I'm like a kid in a candy store when I hit the garden centre. I thought I had picked up all I needed on Wednesday but returned Friday for just one more thing that turned out to be three more things. It's their fault for bringing in more new stock.


----------



## Bobw235 (May 15, 2016)

Redd said:


> I'm like a kid in a candy store when I hit the garden centre. I thought I had picked up all I needed on Wednesday but returned Friday for just one more thing that turned out to be three more things. It's their fault for bringing in more new stock.

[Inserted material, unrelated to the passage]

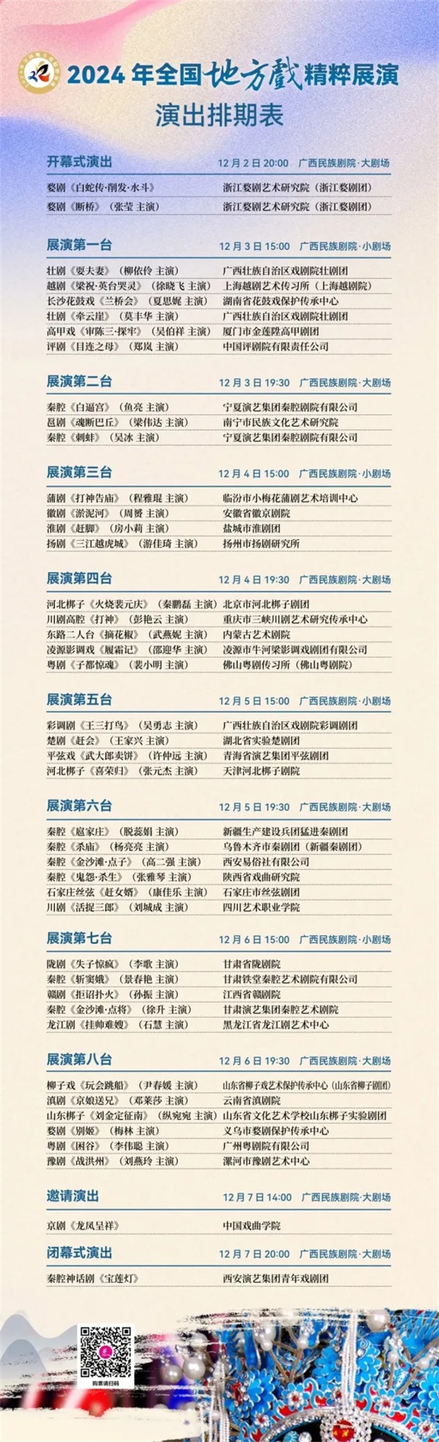 此次展演由文化和旅游部艺术司等主办,计划于2024年12月上旬在南宁市举办,旨在展示地方戏曲精粹,推动优秀中青年戏曲人才不断涌现。展演从全国遴选约40个优秀地方戏曲折子戏,组成约8台专场演出,每台演出1场,并举办参演剧目“一场一评”、地方戏曲传承发展研讨会、优秀演员进景区演出等活动。 在全国348个剧种中,高甲戏的丑角独树一帜,在戏曲界享有盛名。高甲戏《审陈三·探牢》讲述益春陪同五娘到牢房探望陈三,班头爷乘机敲诈财物的故事。剧中“丑旦”表演,一个夸张,一个细腻,一粗一细,对比鲜明,其中吴伯祥饰演班头爷一角,以掌中木偶丑的表演技法,生动演绎班头爷狡诈、贪婪的经典人物形象。

Ditto.  I was there the other day and couldn't find two plants that I wanted, so I bought others.  But....I'll be back for the some red annual sea grass and some Celosia plants.  Then have to find a place to put them.


----------



## Ruth n Jersey (May 15, 2016)

What I hate about these garden centers is that they put there plants out way to early. I know why they do it, people get spring fever and can't wait to buy. That means I have to buy early to get any kind of selection and try to nurse them along until it is safe to plant. Here in New Jersey it really is way to early to plant tomatoes.I bought the one in the photo because I knew that if I waited I wouldn't get that variety. Today I spent an hour covering my annuals because they say frost in some areas. Better to be safe than sorry.


----------



## tortiecat (May 16, 2016)

It is far too early to do any planting here; we have frost warnings for to-night!
I only have a small balcony on the sunny side of the building so it can get hot.
I will get some portulaca  which likes the sun, some geraniums, and several
herbs.  I am thinking of trying a tomato plant but don't know how ii will do
in the heat without any shade and it tends to be windy up here on the 5th floor.
Whatever_  get it wont be until the last week of the month, as I need my daughter
to go the nursery with me and to help me plant._


----------



## fureverywhere (May 16, 2016)

Pretty plants you've got there! I know what you mean about running wild in the garden department I had run out of empty pots and space more or less. But I just had to try the Hula Berry for something new. A huge pot and another bag of dirt later and I found a place for them. I keep a loose leaf journal of plants every year, then I can remember the hardy ones.


----------